Instructions for the task: All of the lines below are to be transcribed faithfully, with pictures excluded from the copy.

Data extract:

————

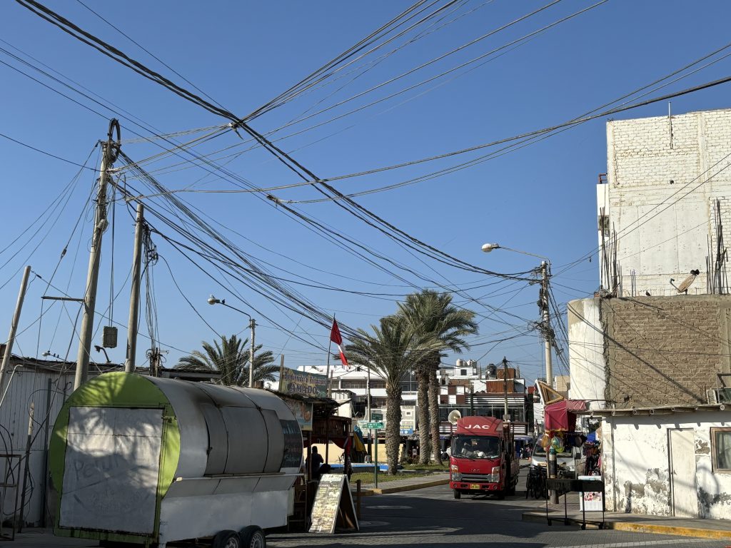Die peruanische Art, Kabel für Strom- und Datenversorgung über der Straße zu verlegen, würde der Stromnetz Berlin wahrscheinlich nicht gefallen. Dass sich da noch jemand zurecht findet …
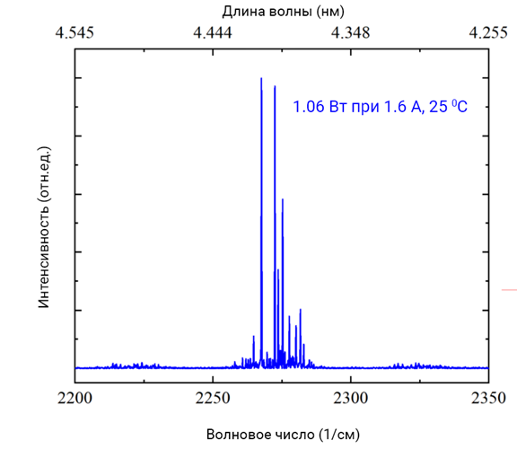 Рис. Спектр излучения FP-QCL лазера с центральной длиной волны 4,4 мкм
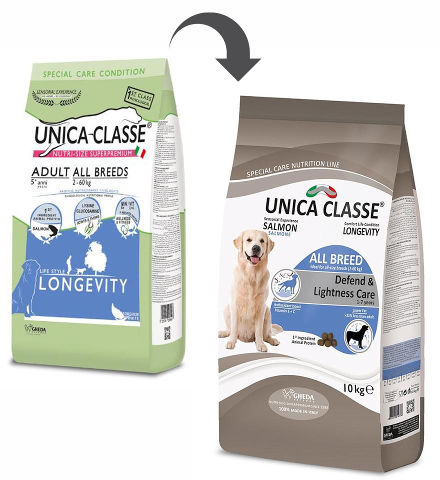 Unica Classe Adult All Breeds Longevity (Лосось) - это полнорационный сухой корм для взрослых и пожилых собак всех пород с массой тела от 2 до 60 кг. Подходит для собак от 5 лет.

————

The answer:
Die peruanische Art, Kabel für Strom- und Datenversorgung über der Straße zu verlegen, würde der Stromnetz Berlin wahrscheinlich nicht gefallen. Dass sich da noch jemand zurecht findet …
 Рис. Спектр излучения FP-QCL лазера с центральной длиной волны 4,4 мкм
 Unica Classe Adult All Breeds Longevity (Лосось) - это полнорационный сухой корм для взрослых и пожилых собак всех пород с массой тела от 2 до 60 кг. Подходит для собак от 5 лет.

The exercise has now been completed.